--- Task input Enclosed Below ---
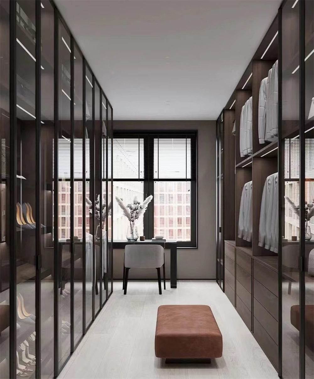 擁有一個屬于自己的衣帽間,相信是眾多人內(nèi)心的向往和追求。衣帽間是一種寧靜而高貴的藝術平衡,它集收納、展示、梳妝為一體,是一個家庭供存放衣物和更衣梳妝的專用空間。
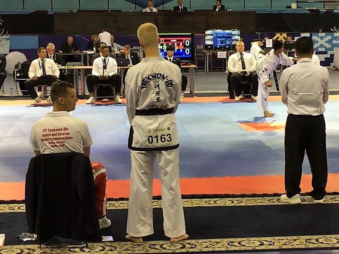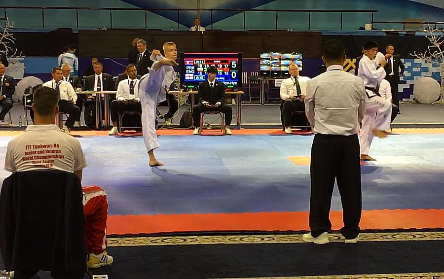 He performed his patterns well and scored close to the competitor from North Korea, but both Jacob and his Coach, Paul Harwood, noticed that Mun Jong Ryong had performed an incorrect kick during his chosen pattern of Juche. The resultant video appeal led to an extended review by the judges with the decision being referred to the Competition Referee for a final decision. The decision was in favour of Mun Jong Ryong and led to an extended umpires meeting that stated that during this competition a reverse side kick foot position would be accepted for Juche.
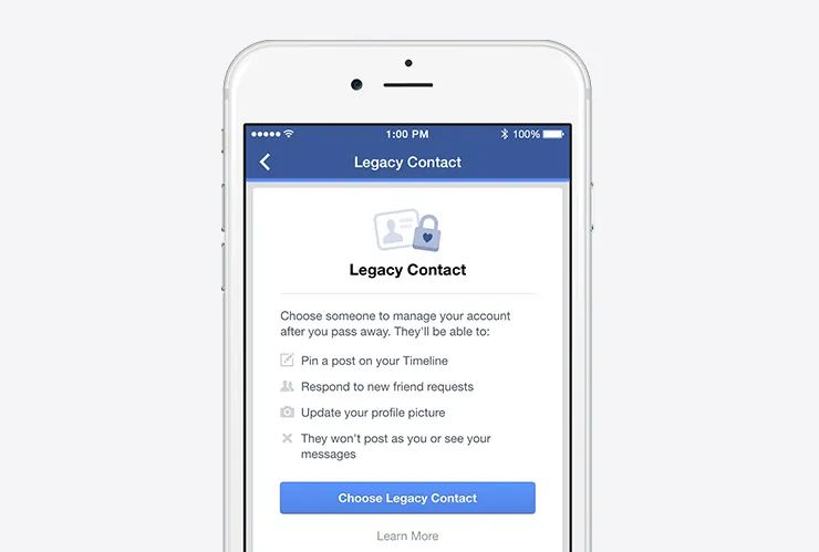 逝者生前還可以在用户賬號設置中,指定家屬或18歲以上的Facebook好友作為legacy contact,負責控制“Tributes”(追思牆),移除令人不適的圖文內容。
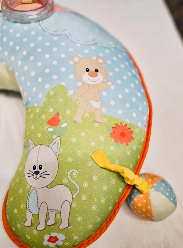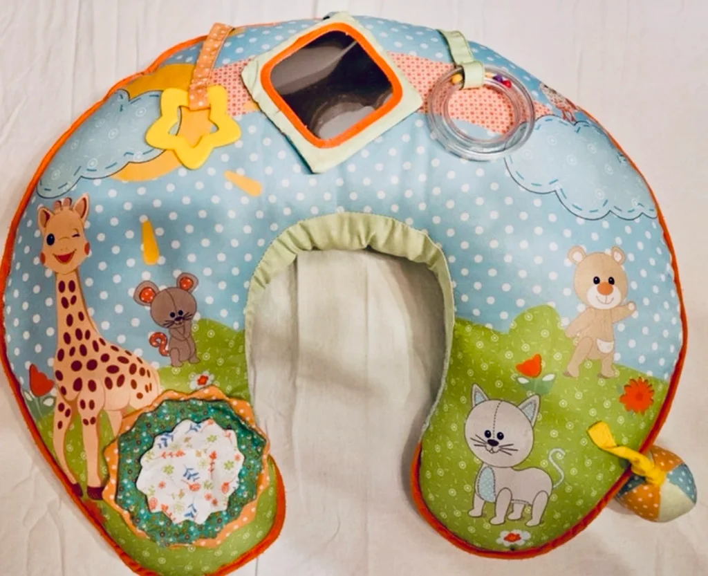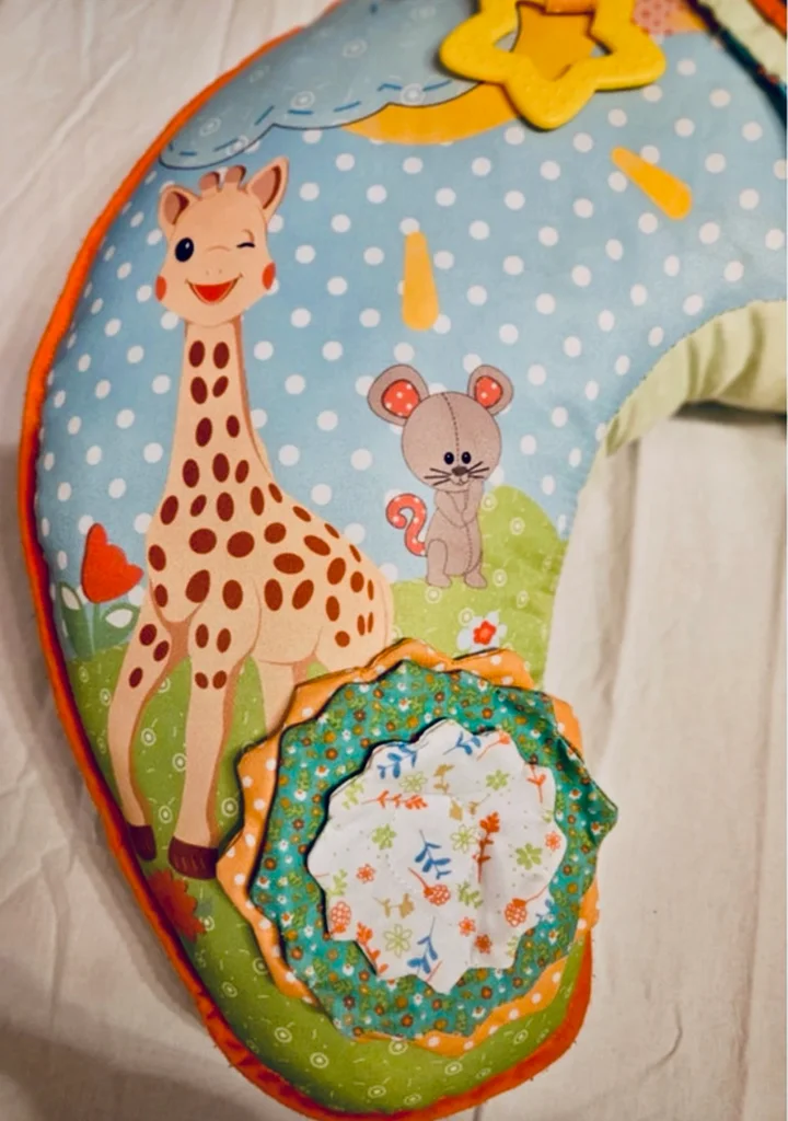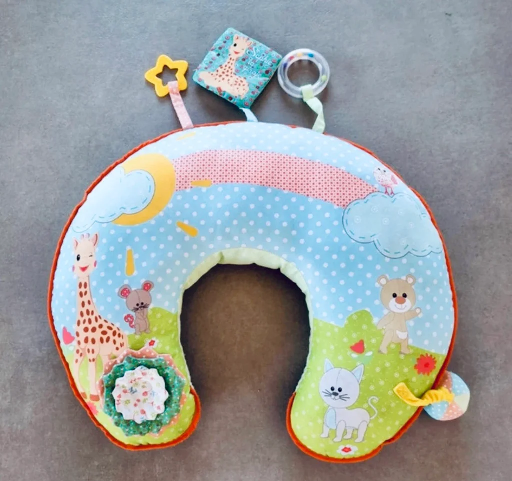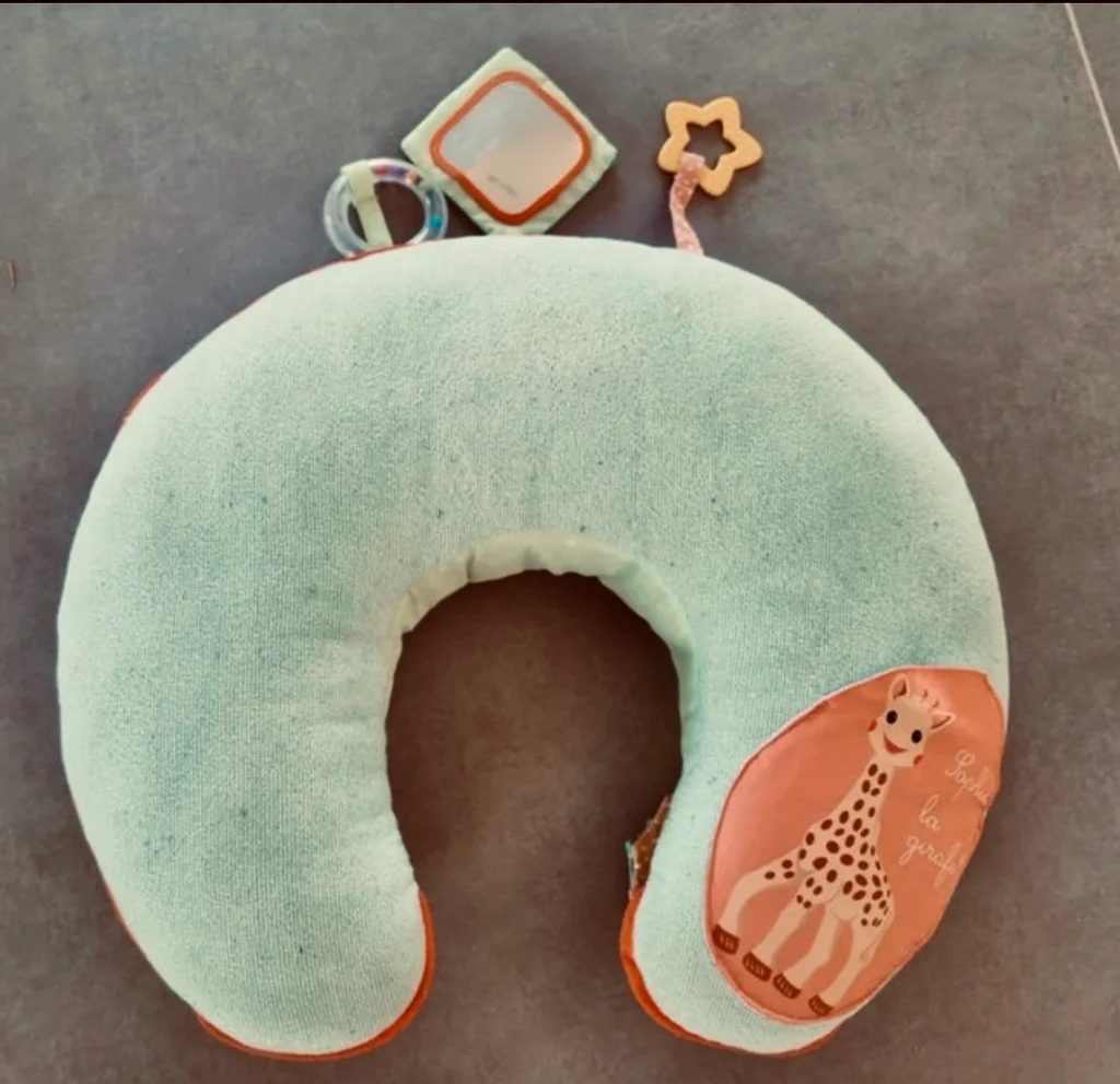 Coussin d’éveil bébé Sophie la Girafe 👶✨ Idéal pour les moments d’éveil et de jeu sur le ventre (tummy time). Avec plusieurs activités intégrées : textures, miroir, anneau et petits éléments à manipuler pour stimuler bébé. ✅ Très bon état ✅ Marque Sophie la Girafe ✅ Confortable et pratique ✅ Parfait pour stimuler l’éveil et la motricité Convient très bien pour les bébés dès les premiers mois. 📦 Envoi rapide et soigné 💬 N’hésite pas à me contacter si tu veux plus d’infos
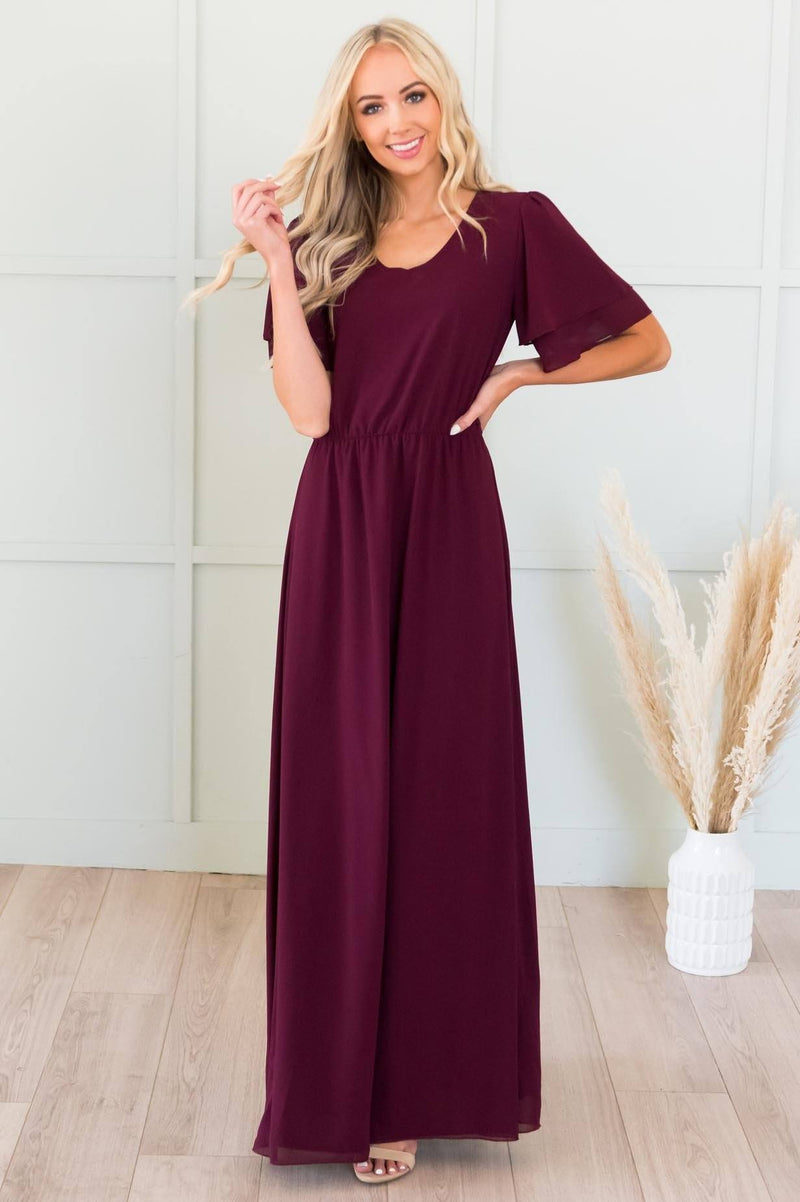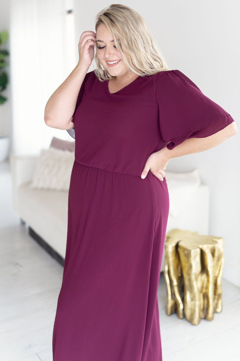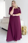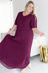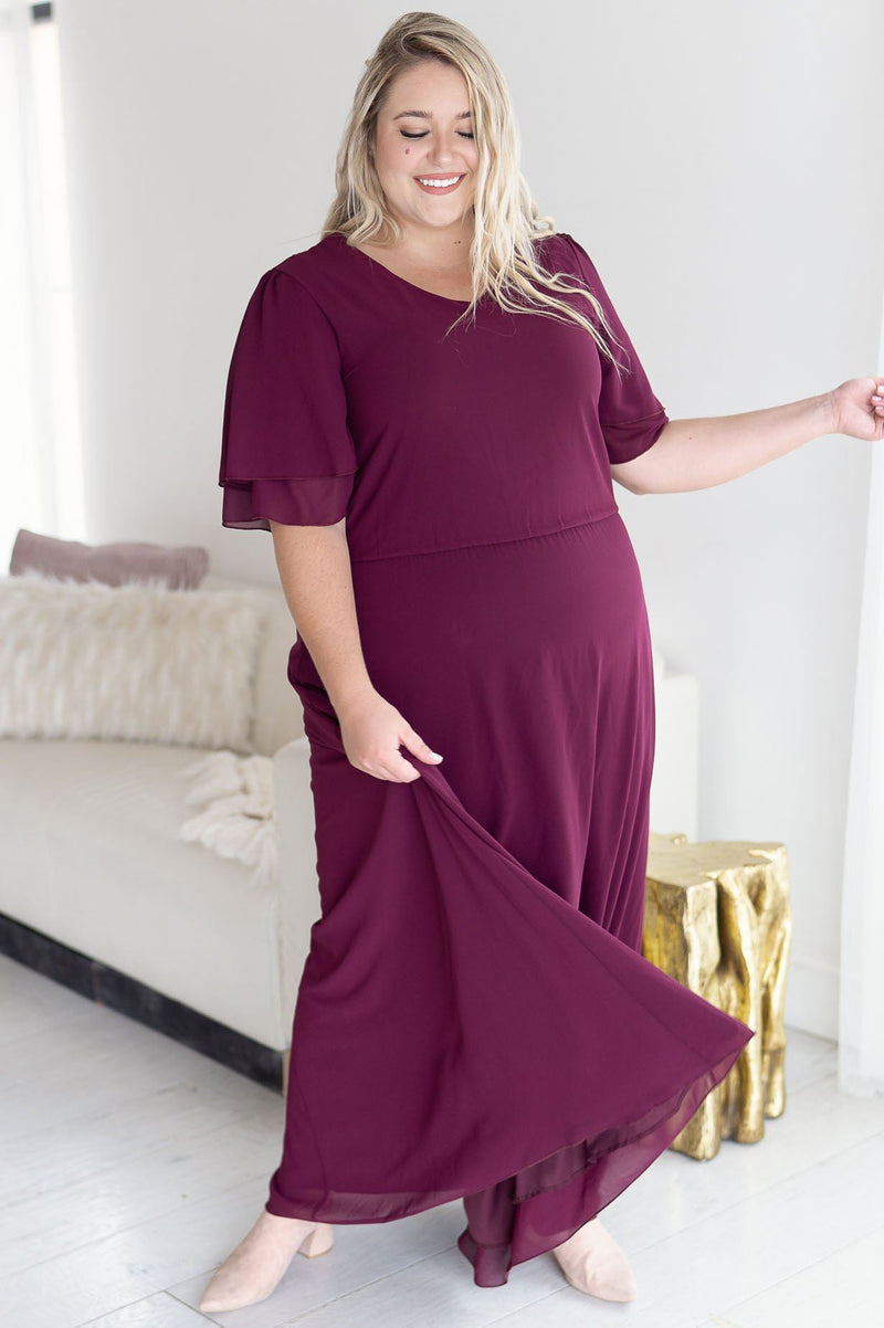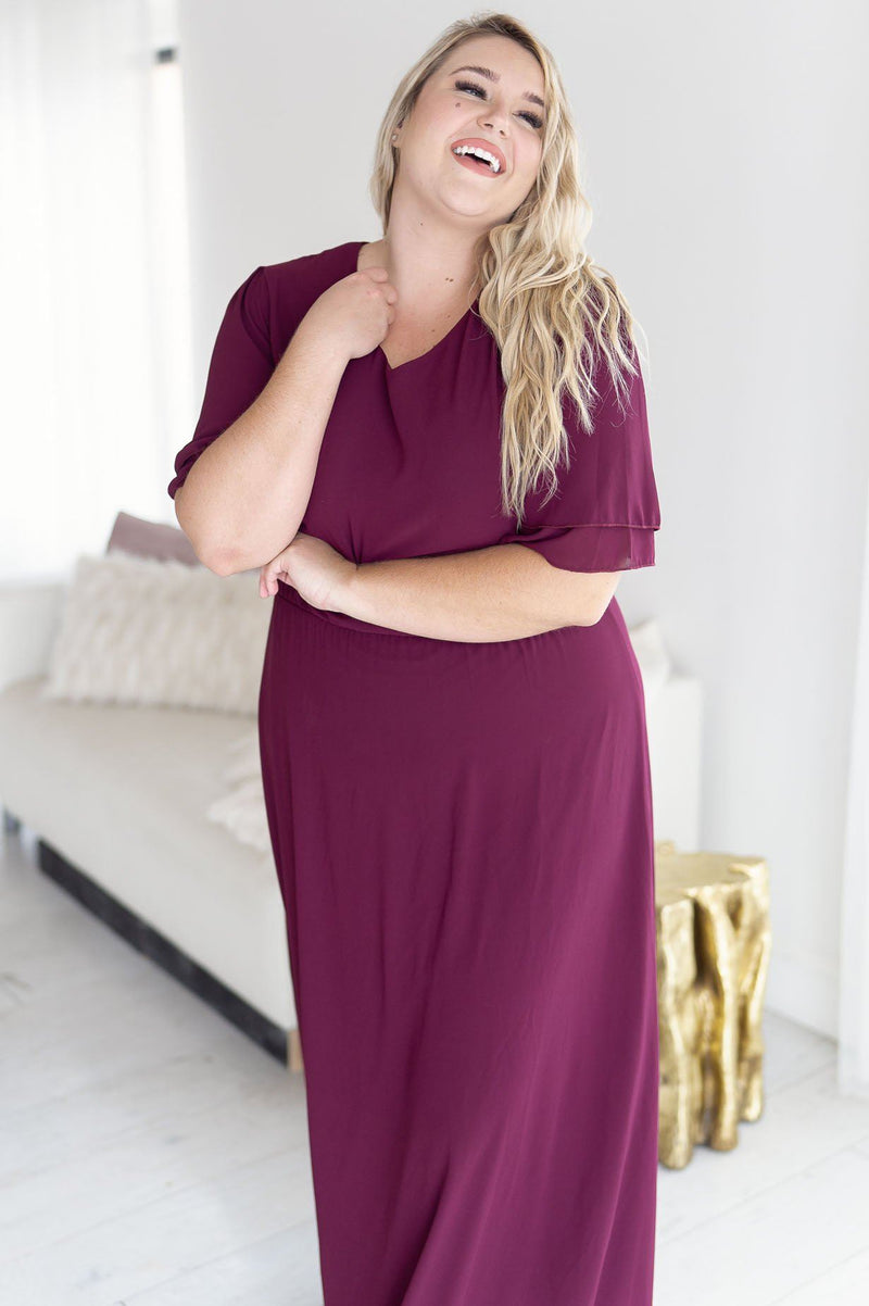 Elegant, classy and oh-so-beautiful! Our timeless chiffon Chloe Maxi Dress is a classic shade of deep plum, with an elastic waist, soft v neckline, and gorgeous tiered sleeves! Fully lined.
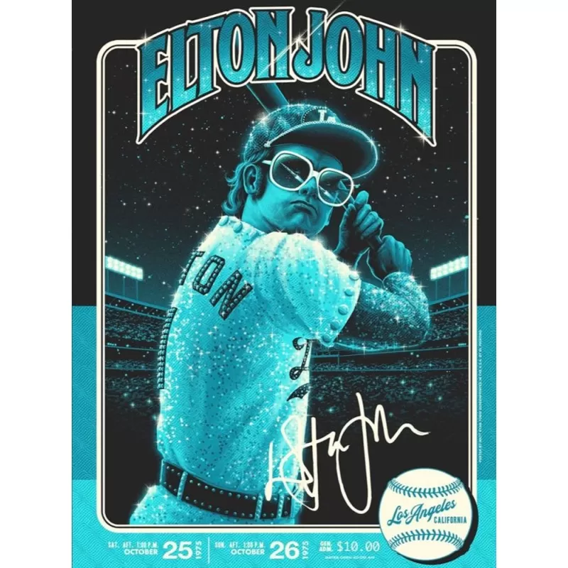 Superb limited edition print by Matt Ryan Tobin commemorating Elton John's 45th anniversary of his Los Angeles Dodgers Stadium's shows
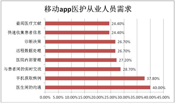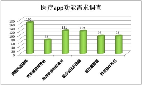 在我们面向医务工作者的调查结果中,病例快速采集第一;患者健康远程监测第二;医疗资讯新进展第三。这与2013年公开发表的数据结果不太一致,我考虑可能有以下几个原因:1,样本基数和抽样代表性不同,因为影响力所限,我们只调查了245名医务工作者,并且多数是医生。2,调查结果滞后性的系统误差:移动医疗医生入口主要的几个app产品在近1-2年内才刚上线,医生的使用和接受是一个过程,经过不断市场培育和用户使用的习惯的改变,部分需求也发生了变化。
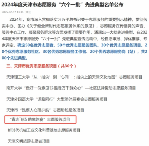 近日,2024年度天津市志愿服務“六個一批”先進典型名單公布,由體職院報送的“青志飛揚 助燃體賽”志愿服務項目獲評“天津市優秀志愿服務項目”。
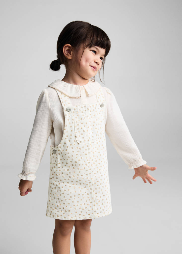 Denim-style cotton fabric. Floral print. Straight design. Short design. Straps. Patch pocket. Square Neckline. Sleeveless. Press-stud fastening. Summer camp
--- End of Enclosed Task input ---
### Exercise
All entries, top to bottom, should be retyped exactly; the pictures should not be.

### Solution to this task
 擁有一個屬于自己的衣帽間,相信是眾多人內(nèi)心的向往和追求。衣帽間是一種寧靜而高貴的藝術平衡,它集收納、展示、梳妝為一體,是一個家庭供存放衣物和更衣梳妝的專用空間。
 He performed his patterns well and scored close to the competitor from North Korea, but both Jacob and his Coach, Paul Harwood, noticed that Mun Jong Ryong had performed an incorrect kick during his chosen pattern of Juche. The resultant video appeal led to an extended review by the judges with the decision being referred to the Competition Referee for a final decision. The decision was in favour of Mun Jong Ryong and led to an extended umpires meeting that stated that during this competition a reverse side kick foot position would be accepted for Juche.
 逝者生前還可以在用户賬號設置中,指定家屬或18歲以上的Facebook好友作為legacy contact,負責控制“Tributes”(追思牆),移除令人不適的圖文內容。
 Coussin d’éveil bébé Sophie la Girafe 👶✨ Idéal pour les moments d’éveil et de jeu sur le ventre (tummy time). Avec plusieurs activités intégrées : textures, miroir, anneau et petits éléments à manipuler pour stimuler bébé. ✅ Très bon état ✅ Marque Sophie la Girafe ✅ Confortable et pratique ✅ Parfait pour stimuler l’éveil et la motricité Convient très bien pour les bébés dès les premiers mois. 📦 Envoi rapide et soigné 💬 N’hésite pas à me contacter si tu veux plus d’infos
 Elegant, classy and oh-so-beautiful! Our timeless chiffon Chloe Maxi Dress is a classic shade of deep plum, with an elastic waist, soft v neckline, and gorgeous tiered sleeves! Fully lined.
 Superb limited edition print by Matt Ryan Tobin commemorating Elton John's 45th anniversary of his Los Angeles Dodgers Stadium's shows
 在我们面向医务工作者的调查结果中,病例快速采集第一;患者健康远程监测第二;医疗资讯新进展第三。这与2013年公开发表的数据结果不太一致,我考虑可能有以下几个原因:1,样本基数和抽样代表性不同,因为影响力所限,我们只调查了245名医务工作者,并且多数是医生。2,调查结果滞后性的系统误差:移动医疗医生入口主要的几个app产品在近1-2年内才刚上线,医生的使用和接受是一个过程,经过不断市场培育和用户使用的习惯的改变,部分需求也发生了变化。
 近日,2024年度天津市志愿服務“六個一批”先進典型名單公布,由體職院報送的“青志飛揚 助燃體賽”志愿服務項目獲評“天津市優秀志愿服務項目”。
 Denim-style cotton fabric. Floral print. Straight design. Short design. Straps. Patch pocket. Square Neckline. Sleeveless. Press-stud fastening. Summer camp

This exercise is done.